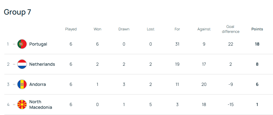 А група 7 вже офіційно завершила свою турнірну дистанцію. Збірна Португалії завершила Основний раунд з максимумом набраних очок. А ось шанси збірної Нідерландів на плей-оф виглядають примарними – «помаранчеві» набрали лише вісім очок, чого може не вистачити для потрапляння до числа восьми кращих других команд, які зіграють у плей-оф.
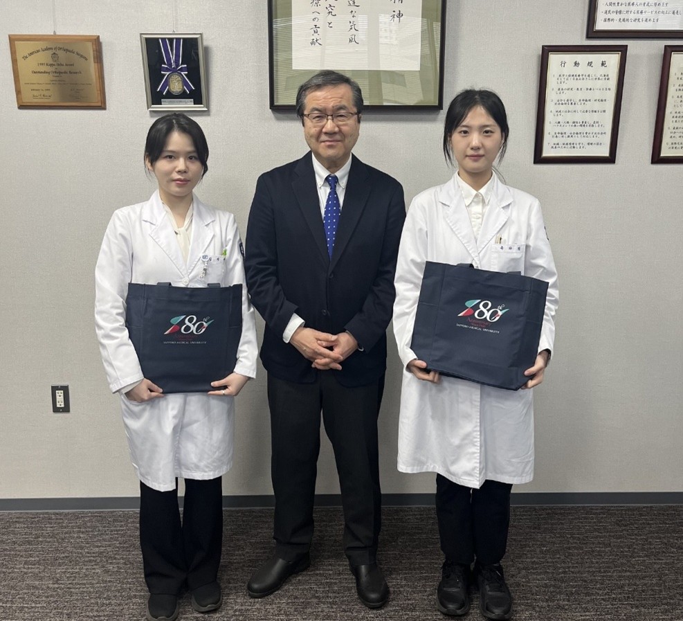 本学と国際交流協定を締結している韓国カトリック大学の学生さんが、2026年3月16日~31日、本学で臨床実習を行いました。今回来学したのは、Ok Dakyeong(オク・ダギョン)さんとJung Jiwon(チョン・ジウォン)さんで、いずれもカトリック大学医学部6年生です。3月30日には学長室に表敬訪問に来られました(写真1)。
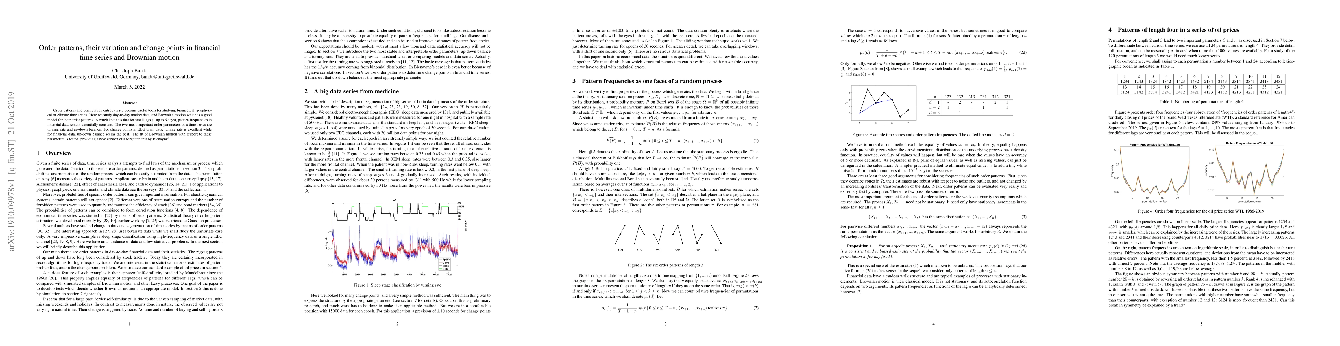 Order patterns and permutation entropy have become useful tools for studying biomedical, geophysical or climate time series. Here we study day-to-day market data, and Brownian motion which is a good model for their order patterns. A crucial point is that for small lags (1 up to 6 days), pattern frequencies in financial data remain essentially constant. The two most important order parameters of a time series are turning rate and up-down balance. For change points in EEG brain data, turning rate is excellent while for financial data, up-down balance seems the best. The fit of Brownian motion with respect to these parameters is tested, providing a new version of a forgotten test by Bienaym'e.
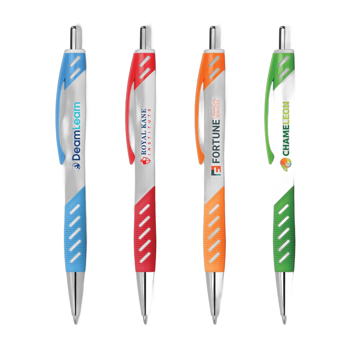 The Meteor Brights plastic ballpoint pen has a slightly contoured, smooth barrel, chrome accents, and a stylish cutout design on the colored rubberized grip that make this an eye-catching pen. Customize the white barrel by selecting a trim color and matching 1-color silkscreen imprint. Complies with Prop 65. 5.59" W x 0.39" D
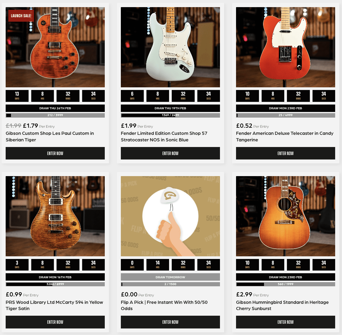 Most of what we do is pre-loved, but there are also a number of guitars on the site that are new (Instant Win competitions, for example). We always state in the prize description whether a guitar is new or pre-loved, and in most cases, we also add the year and a condition description.
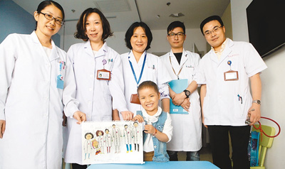上海儿童医院血液科的医生办公室贴着一幅儿童画,画面上血液科6位医生的神态样貌惟妙惟肖,画中的小朋友旁写着“查清月”,画的下方写着“谢谢你们给我治好病”。“越看越发现这幅画抓住了我们各自的特征,相似度达到90%。”画中6位治疗医生之一的叶启东医生说,“查清月患肝母细胞瘤住院一年多,接受了9期的化疗治疗,效果非常明显。目前已经出院,进入随访阶段。”
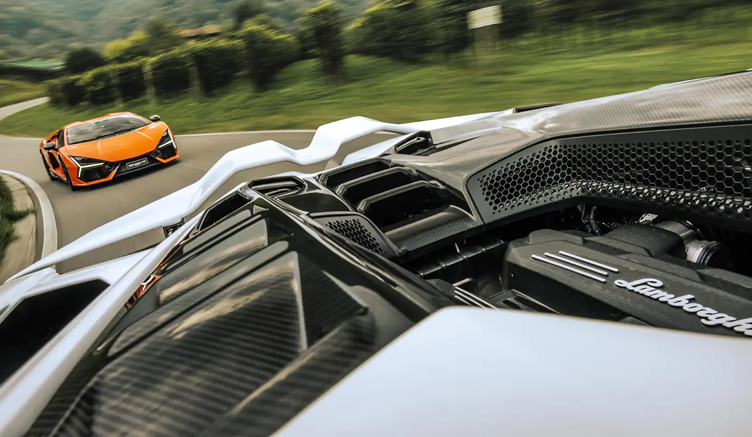 From now on Lamborghini will have two beating hearts: the overwhelming roar of the V12 and the innovative energy of its electric motors. For the first drive on the road and track Revuelto, born in Sant’Agata Bolognese, silently traveled the Bolognese streets of the city center, crossed the hills of Valdobbiadene, continued towards the sinuous mountain paths of Monte Grappa and finished its journey at the Piero Taruffi Vallelunga circuit, near Rome.
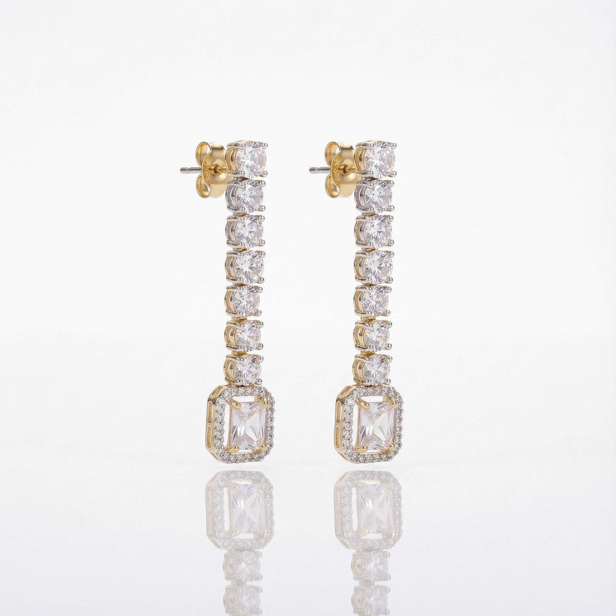 Crafted with precision, these AAA Cubic Zircon drop earrings feature cascading layers of sparkling zircon stones that create a dynamic, modern silhouette, perfect for weddings or festive occasions. Secured with push back closure. This comes with 1 year plating warranty, anti-tarnish for lasting shine and comfort.

# # # # # # #

EXERCISE DIRECTIONS
Print the data again, word for word, without any pictures.

RESULT FOR THIS EXERCISE
 А група 7 вже офіційно завершила свою турнірну дистанцію. Збірна Португалії завершила Основний раунд з максимумом набраних очок. А ось шанси збірної Нідерландів на плей-оф виглядають примарними – «помаранчеві» набрали лише вісім очок, чого може не вистачити для потрапляння до числа восьми кращих других команд, які зіграють у плей-оф.
 本学と国際交流協定を締結している韓国カトリック大学の学生さんが、2026年3月16日~31日、本学で臨床実習を行いました。今回来学したのは、Ok Dakyeong(オク・ダギョン)さんとJung Jiwon(チョン・ジウォン)さんで、いずれもカトリック大学医学部6年生です。3月30日には学長室に表敬訪問に来られました(写真1)。
 Order patterns and permutation entropy have become useful tools for studying biomedical, geophysical or climate time series. Here we study day-to-day market data, and Brownian motion which is a good model for their order patterns. A crucial point is that for small lags (1 up to 6 days), pattern frequencies in financial data remain essentially constant. The two most important order parameters of a time series are turning rate and up-down balance. For change points in EEG brain data, turning rate is excellent while for financial data, up-down balance seems the best. The fit of Brownian motion with respect to these parameters is tested, providing a new version of a forgotten test by Bienaym'e.
 The Meteor Brights plastic ballpoint pen has a slightly contoured, smooth barrel, chrome accents, and a stylish cutout design on the colored rubberized grip that make this an eye-catching pen. Customize the white barrel by selecting a trim color and matching 1-color silkscreen imprint. Complies with Prop 65. 5.59" W x 0.39" D
 Most of what we do is pre-loved, but there are also a number of guitars on the site that are new (Instant Win competitions, for example). We always state in the prize description whether a guitar is new or pre-loved, and in most cases, we also add the year and a condition description.
上海儿童医院血液科的医生办公室贴着一幅儿童画,画面上血液科6位医生的神态样貌惟妙惟肖,画中的小朋友旁写着“查清月”,画的下方写着“谢谢你们给我治好病”。“越看越发现这幅画抓住了我们各自的特征,相似度达到90%。”画中6位治疗医生之一的叶启东医生说,“查清月患肝母细胞瘤住院一年多,接受了9期的化疗治疗,效果非常明显。目前已经出院,进入随访阶段。”
 From now on Lamborghini will have two beating hearts: the overwhelming roar of the V12 and the innovative energy of its electric motors. For the first drive on the road and track Revuelto, born in Sant’Agata Bolognese, silently traveled the Bolognese streets of the city center, crossed the hills of Valdobbiadene, continued towards the sinuous mountain paths of Monte Grappa and finished its journey at the Piero Taruffi Vallelunga circuit, near Rome.
 Crafted with precision, these AAA Cubic Zircon drop earrings feature cascading layers of sparkling zircon stones that create a dynamic, modern silhouette, perfect for weddings or festive occasions. Secured with push back closure. This comes with 1 year plating warranty, anti-tarnish for lasting shine and comfort.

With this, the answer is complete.